Dataset extract:

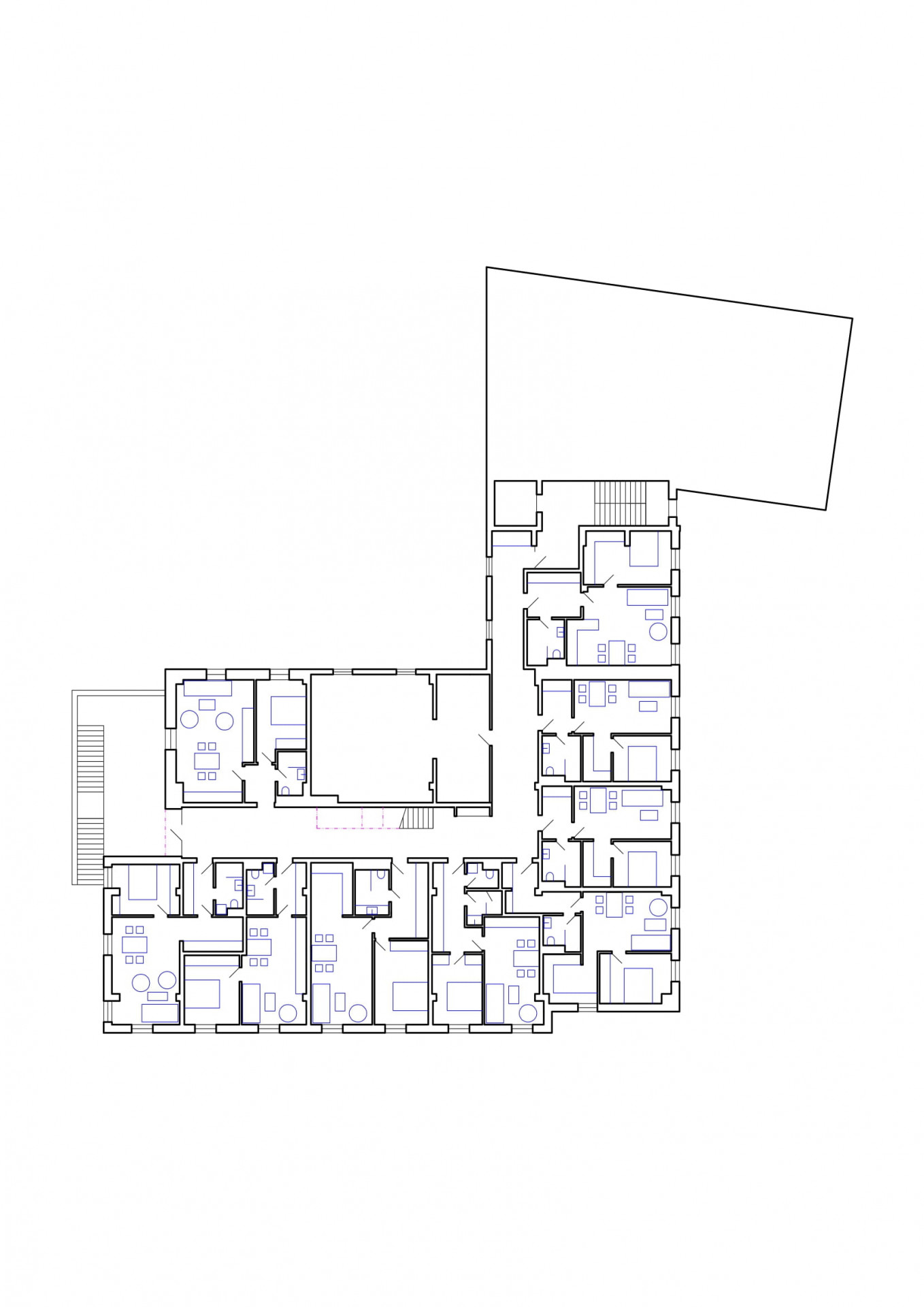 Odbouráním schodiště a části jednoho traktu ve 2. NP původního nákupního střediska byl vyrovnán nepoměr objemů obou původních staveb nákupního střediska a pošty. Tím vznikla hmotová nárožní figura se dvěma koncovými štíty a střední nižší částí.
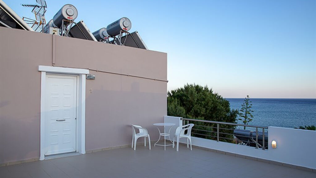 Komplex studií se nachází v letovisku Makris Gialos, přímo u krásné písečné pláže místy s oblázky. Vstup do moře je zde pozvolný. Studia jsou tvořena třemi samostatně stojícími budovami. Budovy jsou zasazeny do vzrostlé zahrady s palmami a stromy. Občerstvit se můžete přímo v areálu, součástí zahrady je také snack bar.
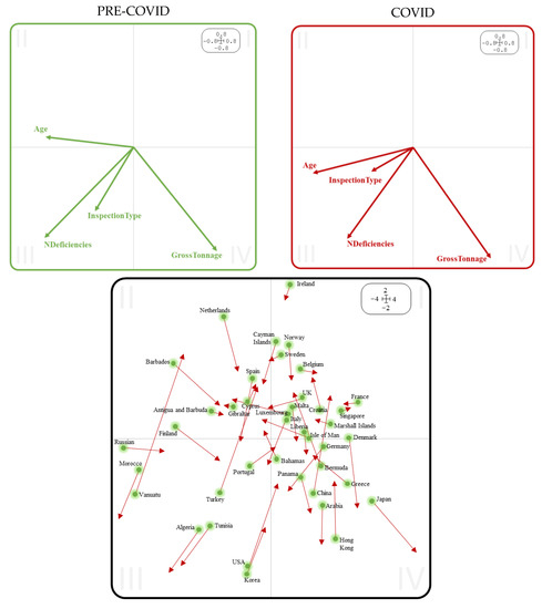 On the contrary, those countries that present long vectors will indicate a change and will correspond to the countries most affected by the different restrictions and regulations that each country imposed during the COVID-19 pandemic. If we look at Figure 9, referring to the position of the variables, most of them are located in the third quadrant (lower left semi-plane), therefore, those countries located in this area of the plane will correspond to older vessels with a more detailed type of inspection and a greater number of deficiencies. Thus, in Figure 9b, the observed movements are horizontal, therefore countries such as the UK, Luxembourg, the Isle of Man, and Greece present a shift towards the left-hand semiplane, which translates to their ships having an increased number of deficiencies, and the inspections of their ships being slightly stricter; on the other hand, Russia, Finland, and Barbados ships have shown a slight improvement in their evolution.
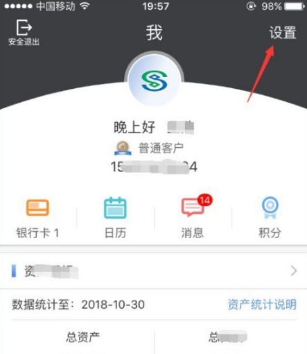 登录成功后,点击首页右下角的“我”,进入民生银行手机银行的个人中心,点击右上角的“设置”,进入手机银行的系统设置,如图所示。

Work item: Exactly the lines running from the one with "Komplex studií se" through the end of the listing above must be output, both ends included. No pictures belong in the output.

Completed exercise:
 Komplex studií se nachází v letovisku Makris Gialos, přímo u krásné písečné pláže místy s oblázky. Vstup do moře je zde pozvolný. Studia jsou tvořena třemi samostatně stojícími budovami. Budovy jsou zasazeny do vzrostlé zahrady s palmami a stromy. Občerstvit se můžete přímo v areálu, součástí zahrady je také snack bar.
 On the contrary, those countries that present long vectors will indicate a change and will correspond to the countries most affected by the different restrictions and regulations that each country imposed during the COVID-19 pandemic. If we look at Figure 9, referring to the position of the variables, most of them are located in the third quadrant (lower left semi-plane), therefore, those countries located in this area of the plane will correspond to older vessels with a more detailed type of inspection and a greater number of deficiencies. Thus, in Figure 9b, the observed movements are horizontal, therefore countries such as the UK, Luxembourg, the Isle of Man, and Greece present a shift towards the left-hand semiplane, which translates to their ships having an increased number of deficiencies, and the inspections of their ships being slightly stricter; on the other hand, Russia, Finland, and Barbados ships have shown a slight improvement in their evolution.
 登录成功后,点击首页右下角的“我”,进入民生银行手机银行的个人中心,点击右上角的“设置”,进入手机银行的系统设置,如图所示。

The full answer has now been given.